Spur Elute is the first and only retrievable self-expanding scaffold with radially expandable spikes, combined with an integrated balloon, both of which are drug coated. It is designed to treat patients with coronary ISR by dilating and delivering a sirolimus drug formulation unique to Reflow Medical.
“ISR is an inherent risk of permanent stent implantation, leading to substantial healthcare costs, and is often associated with increased risks of death and rehospitalisation,” said William Lombardi (UW Medicine Heart Institute, Seattle, USA), a member of the Reflow Medical scientific advisory board. “It is great to collaborate with a company committed to addressing coronary challenges with innovations such as the Spur Elute.”
The DEEPER CORONARY first-in-human study successfully completed enrolment with nine subjects treated. Participants will continue follow up for one year after the procedure.
Known as retrievable scaffold therapy (RST), the Spur Elute spikes create channels to increase uptake of the antiproliferative drug into the vessel wall, while dilating the arterial lumen to maximise luminal gain and reduce restenosis. The system is then fully removed without leaving a permanent metallic implant behind.
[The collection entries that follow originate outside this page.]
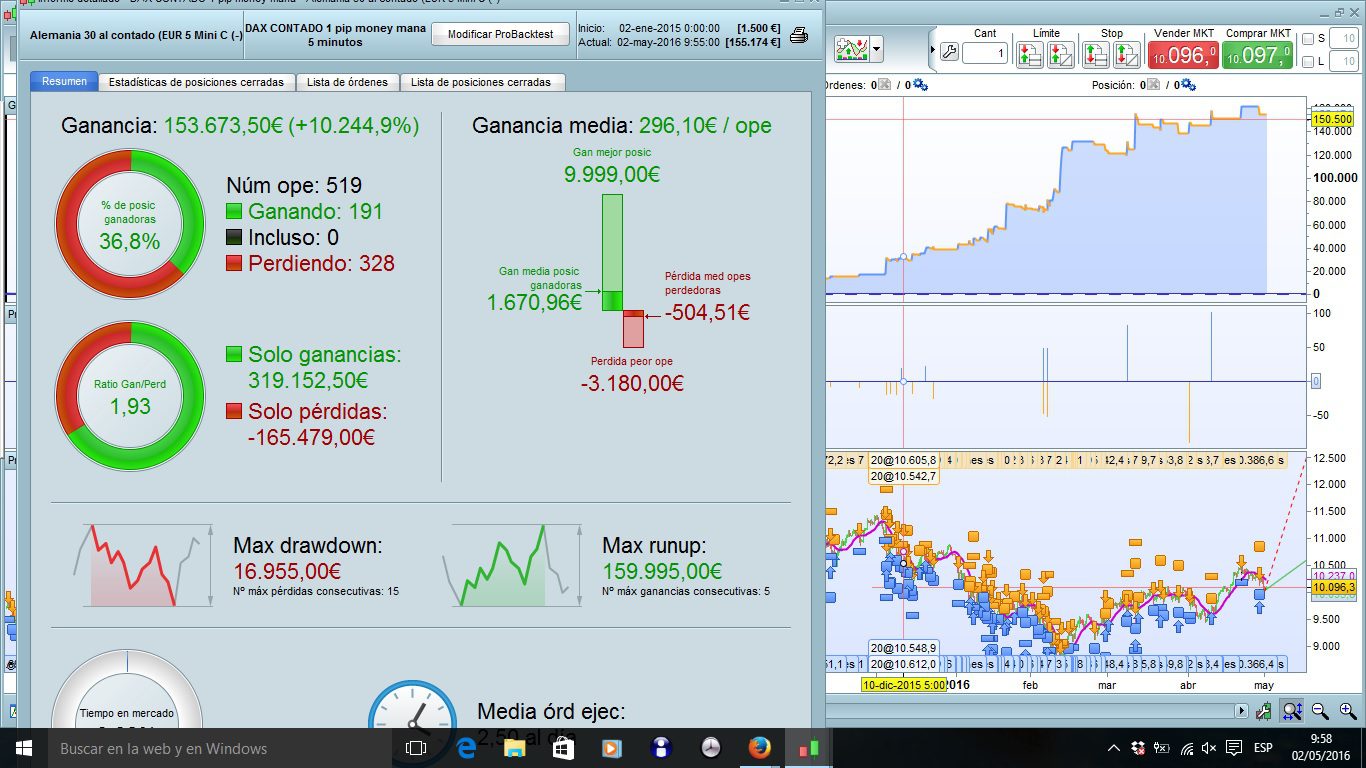 Por mera casualidad y haciendo una prueva me dio un muy buen resultado un code en el que el takeprofit y el stoploss son unos valores muy pequeños respecto a las unidades del indice- DAX. Querria preguntar si esta simulacion en timeframe de 5 minutos es correcta o es simplemente un fallo de programa. El indice es el DAX mini 5 y el spread es 1,5 pip. gracias por adelantado.
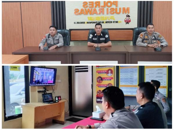 Kegiatan zoom meeting digelar diruang Bagian SDM Mapolres Mura, Pusat Perkantoran Agropolitan Center, Desa Muara Kati Baru, Kecamatan Muara Beliti, Kabupaten Mura, Jumat (27/12/2024).
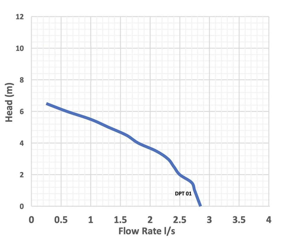 The system consists of a submersible pump with integrated float and external non-return valve and a 50L MDPE enclosure.
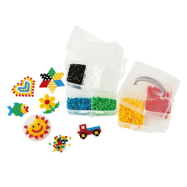 こちらは、6色、6000ピースのビーズ、透明のボードが3枚、アイロンペーパーがついているので、すぐにアイロンビーズ遊びが楽しめます。3段仕立てのプラスティックボックス入り。はじめてのアイロンビーズ遊びにおすすめです。
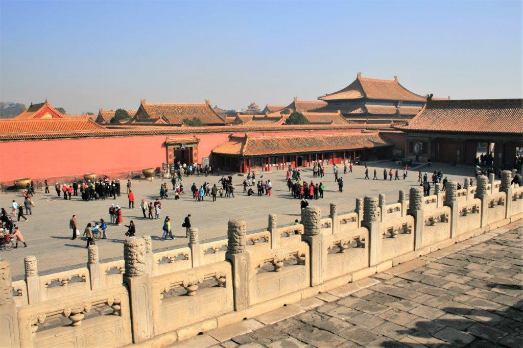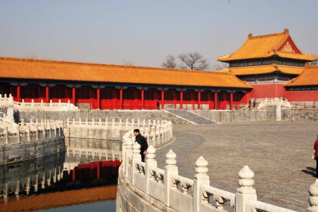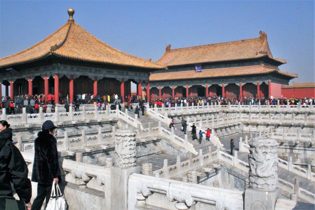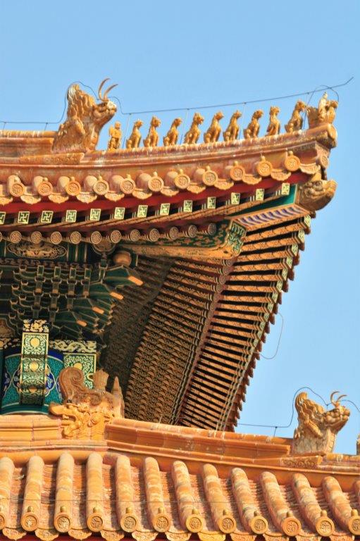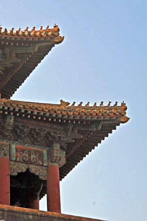 The Forbidden City was the Imperial Palace of the Ming (1368-1644) Dynasty (14 emperors) and the Qing (1644-1911) Dynasty (10 emperors). The palace building complex begins at Tian’amnen (Gate of Heavenly Peace,) centers on the Outer Court, and ends at the Jingshan Hill. Within the palace there are reputed to be 9,999 rooms and halls (some say the accurate figure is 8,886) in a total building space of 150,000 square meters covering an area of 720,000 square meters (180 acres). To build such a large ‘city’ within the city, the Ming Dynasty used the entire country’s manpower and material resources. A hundred thousand artisans and a million workmen were conscripted for the project and materials were gathered from everywhere in the country. It was built in just 14 years (1406-1420).
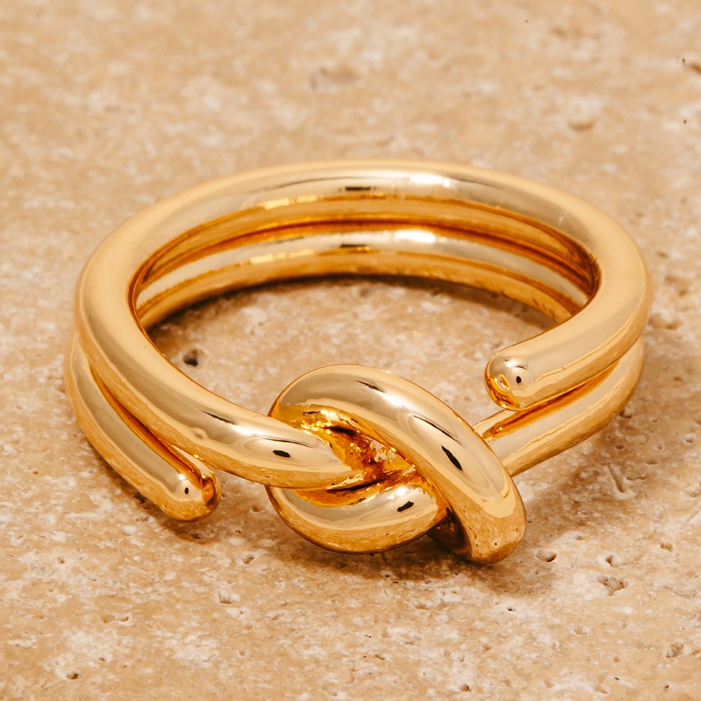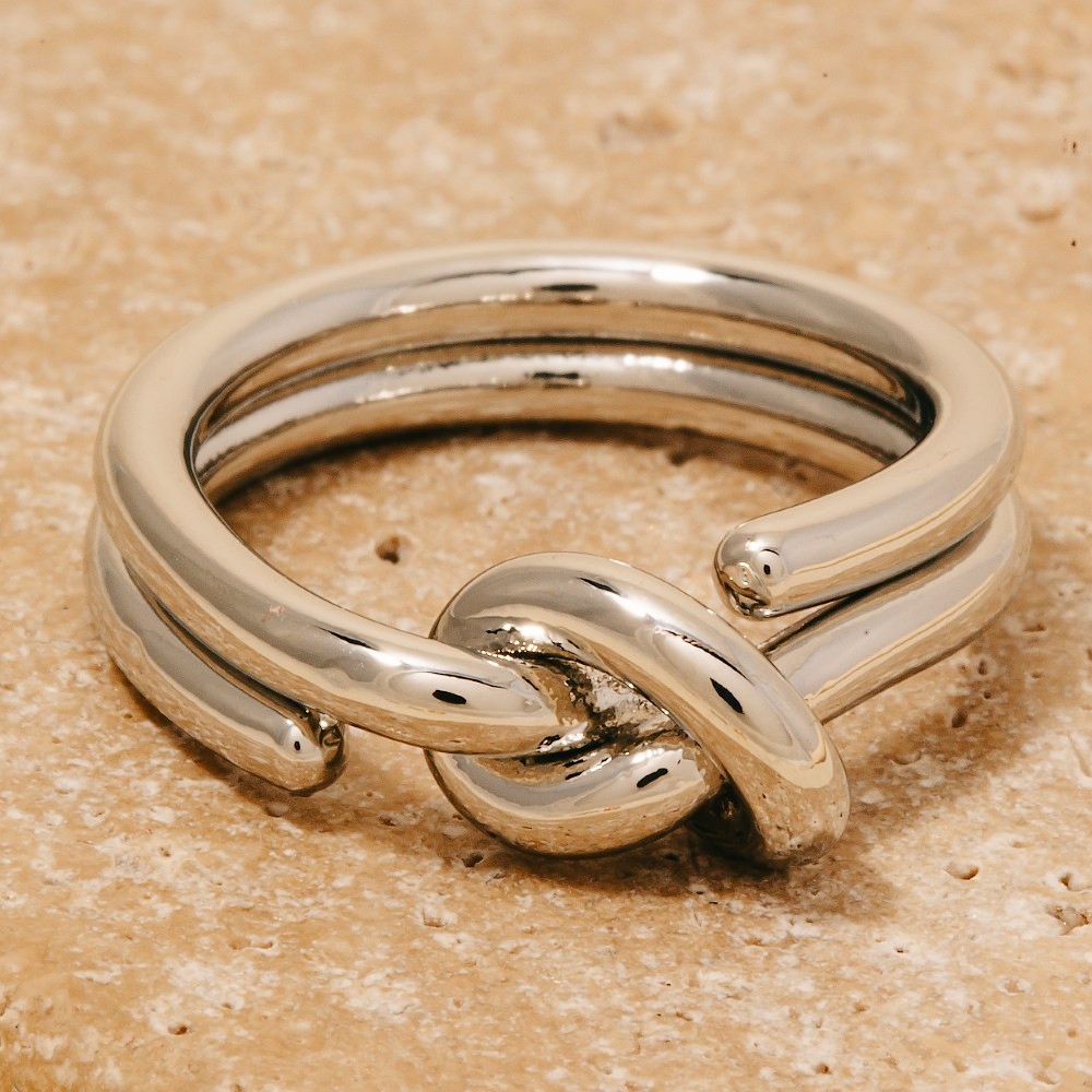• This piece is perfect for those who want to showcase their unique style, this ring possesses a fine layered knotted metallic band design. This ring is a great way to add some flair to your outfit without going over the top. This item is sold in packs of 1.
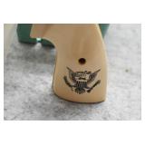 51R. Colt – Mod. 22 Pistol – 22LR Cal. Semi-Auto Pistol – w/4 ½” Heavy Target, Vent-Rib Barrel w/Ramp Blade Front & Adj. Rear Notch Sights – Satin Stainless Finish – w/Checkered Black Plastic Grips & Trigger Guard – w/2 Factory Detachable Magazines – New w/Manual & Hard Case
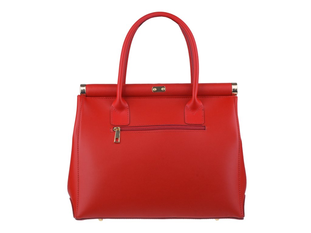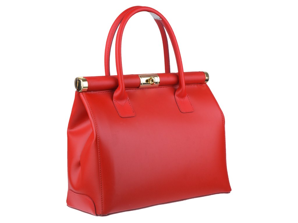 "Doktorská" kabelka s klasickým designom, vyrobená z pravej kože s lesklou úpravou. Táto červená kabelka si veľmi dobre drží tvar a je vhodná na nosenie v ruke i cez rameno, s použitím prídavného popruhu - cca 100 cm, ktorý je súčasťou balenia. Uzatvára sa pomocou patentu, ktorý je možné ďalej uzamknúť malým priloženým zámkom. Kabelka disponuje jedným vreckom na vonkajšej zadnej strane. Vo vnútri nájdete 2 malé vrecká a dve priehradky, vhodné napr. pre mobil alebo peňaženku. Vnútro kabelky je rozdelené na dve časti. Hĺbka jej dna je 15 cm.
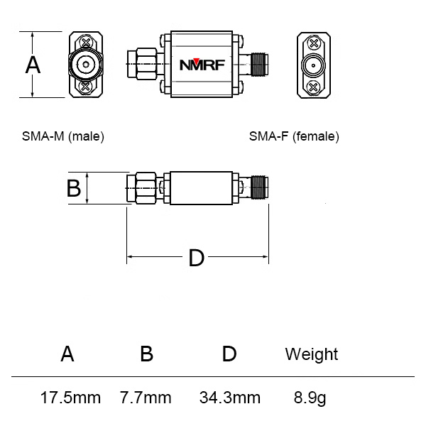 - Interface: SMA-M and SMA-F (RF characteristics are symmetrical at both ends, non-directional)
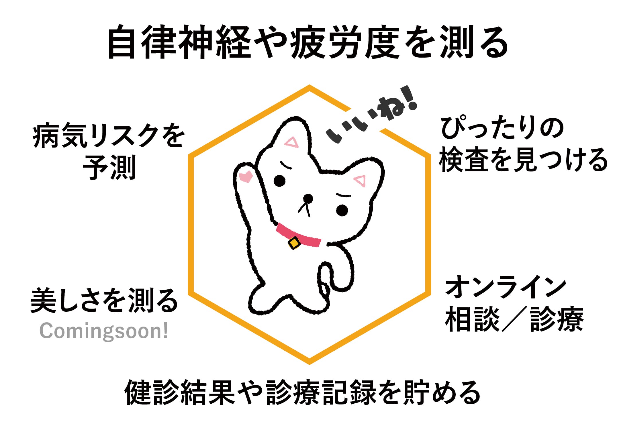 カルテコは、スマートフォンのカメラで心拍変動(HRV)を計測し、自律神経の状態や疲労度をスコア化できる健康管理アプリです。人と犬・猫の自律神経を10秒でチェック。病気リスク予測や健診結果の管理、家族間でのデータ共有まで一つのアプリで行えます。
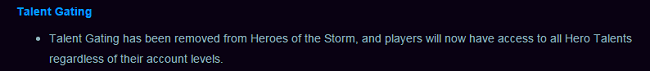 The latest Heroes of the Storm patch is somewhat small, but it brings with it several quality of life improvements for new and old players alike. Among the changes are the long awaited removal of talent gating. Gone are the days of being forced to take talents you would otherwise not want just because you're new with a hero.
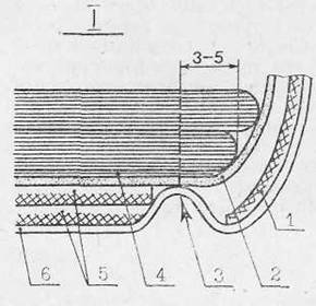 Рис. 20. Зажимные доски для формовки рубчика: 1 – отстав; 1 – марля; 3 – рубчик; 4 – тетрадь с форзацем; 5 – картонная сторонка; 6 – покровный материал
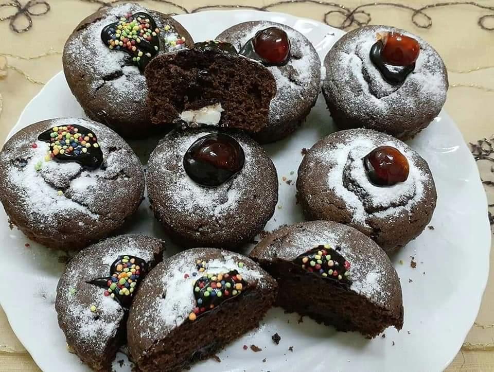 ثم نصب من الخليط في ورق الكب كيك ثم نضع قطعه شيكولاته ثم نضع من الخليط مره مره في فرن ساخن لمده ربع ساعه
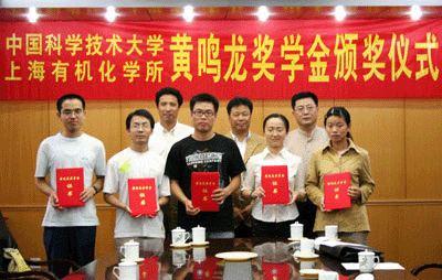 上海有机所在中国科技大学设立了“黄鸣龙奖学金”,9月20日在中国科大举行了首届颁奖仪式。姜标所长出席了颁奖仪式并为5名获奖同学颁奖。颁奖仪式由科大化学与材料科学学院副院长汪志勇主持。
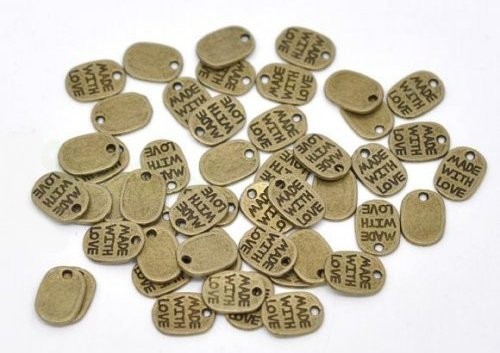 - メタルチャーム200個入アクセサリーパーツ(アンティークブロンズカラー)Made with Loveミニチャーム11mm×8mm
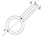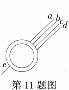 11.「2024 河北保定二模,」图中四条线段 a,b,c,d 和线段 e 在同一条直线上的是 ( )

Scott Harding (Wellington Hospital, Wellington, New Zealand), principal investigator of the DEEPER CORONARY trial, commented: “The preliminary results of the trial are encouraging, highlighting the potential of Spur Elute to address the challenges of ISR. It is designed to reduce neointimal hyperplasia and recoil of the hyperplastic neointima without leaving another stent behind.”
Isa Rizk, chief executive officer and co-founder of Reflow Medical, added: “The completion of enrolment in the DEEPER CORONARY study is an important milestone for patients suffering from coronary in-stent restenosis, and for the physicians dedicated to treating this challenging condition. We are proud of our team and partners for making this possible and look forward to sharing the first clinical results at TCT 2025.”
Late-breaking data from DEEPER CORONARY will be presented by Harding at the Cardiovascular Research Foundation’s TCT 2025 (25–28 October, San Francisco, USA) in the innovation category. Highlights will include the primary endpoint, treatment of the target lesion with the investigational device without the occurrence of in-hospital major adverse cardiovascular events (MACE; defined as all-cause death, myocardial infarction, and any clinically driven target lesion revascularisation), as well as secondary endpoints of lesion success and safety data through 30 days.